Available data
= Beginning of Section =

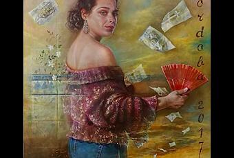 Y luego están los papelitos volando que imagino no será un homenaje a lo sucia que está la ciudad sino a las distintas fiestas de mayo, pues intuyo en uno de ellos una Cruz, en otro un patio y poco más… Aunque a lo mejor, lo que ha querido el autor es transmitirnos la situación que vive Córdoba, una ciudad parada, sin ideas, una ciudad sin proyectos de futuro y con un cogobierno, formado por PSOE e IU (con el apoyo de Podemos) que no sabe a donde ir. Como la mujer del cuadro, una mujer que parece pedirnos ayuda para que la guiemos, pues no sabe qué hacer. A lo mejor visto así le encontramos explicación, la mujer del cuadro representa a la Alcaldesa y su Cogobierno, una persona perdida y sin ideas para Córdoba.
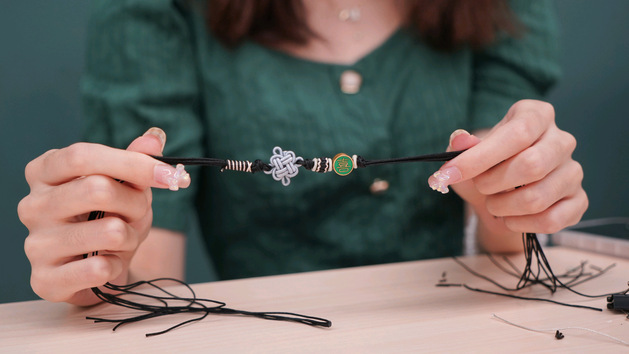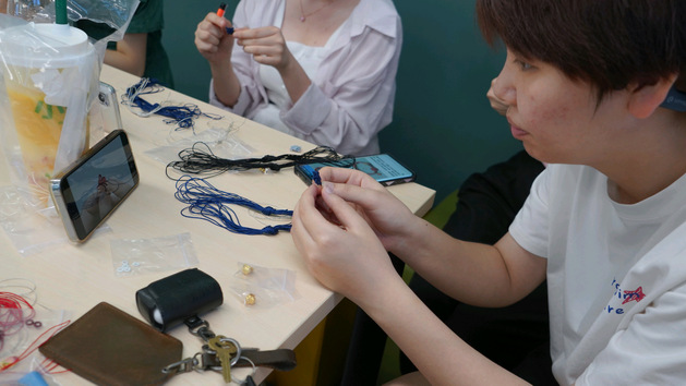 活动负责人向同学们介绍了绳结的历史背景,并以视频播放等形式展示了手绳的制作方法。同学们纷纷拿起五彩丝线,从最简单的基础学起,由浅入深、循序渐进,丝线在指尖穿梭缠绕,制作出一个个小巧玲珑的绳结。
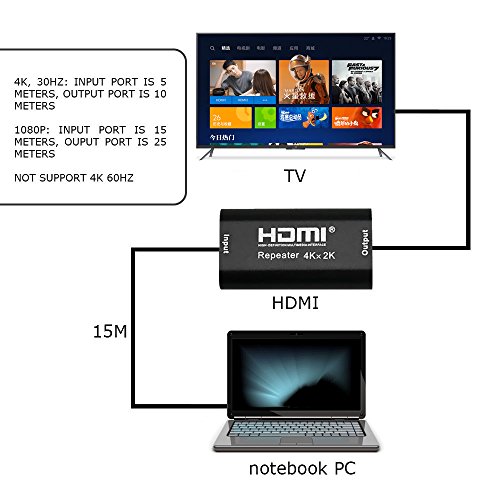Onlier Signal Amplifier Booster Adapter regenerates the incoming HDMI signal by decoding and re-encoding it to a new standard HDMI signal so it can extend the transmission range without degradation. Recommend customer use HDMI1.4 cable, ensure extend distance.
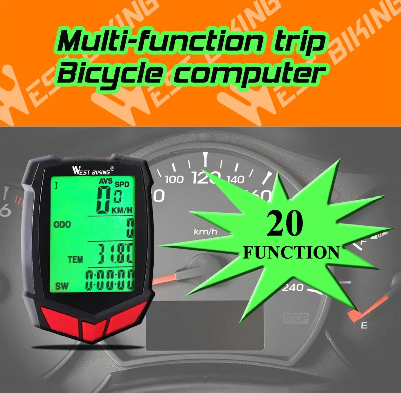 WEST BIKING велосипедный компьютер, 20 функций, спидометр, одометр, проводнойбеспроводной + Секундомер

= End of Section =

Instructions for the task
Leave out every picture and write out exactly the lines running from the line containing "Onlier Signal Amplifier" to the end of the listing above.

Response
Onlier Signal Amplifier Booster Adapter regenerates the incoming HDMI signal by decoding and re-encoding it to a new standard HDMI signal so it can extend the transmission range without degradation. Recommend customer use HDMI1.4 cable, ensure extend distance.
 WEST BIKING велосипедный компьютер, 20 функций, спидометр, одометр, проводнойбеспроводной + Секундомер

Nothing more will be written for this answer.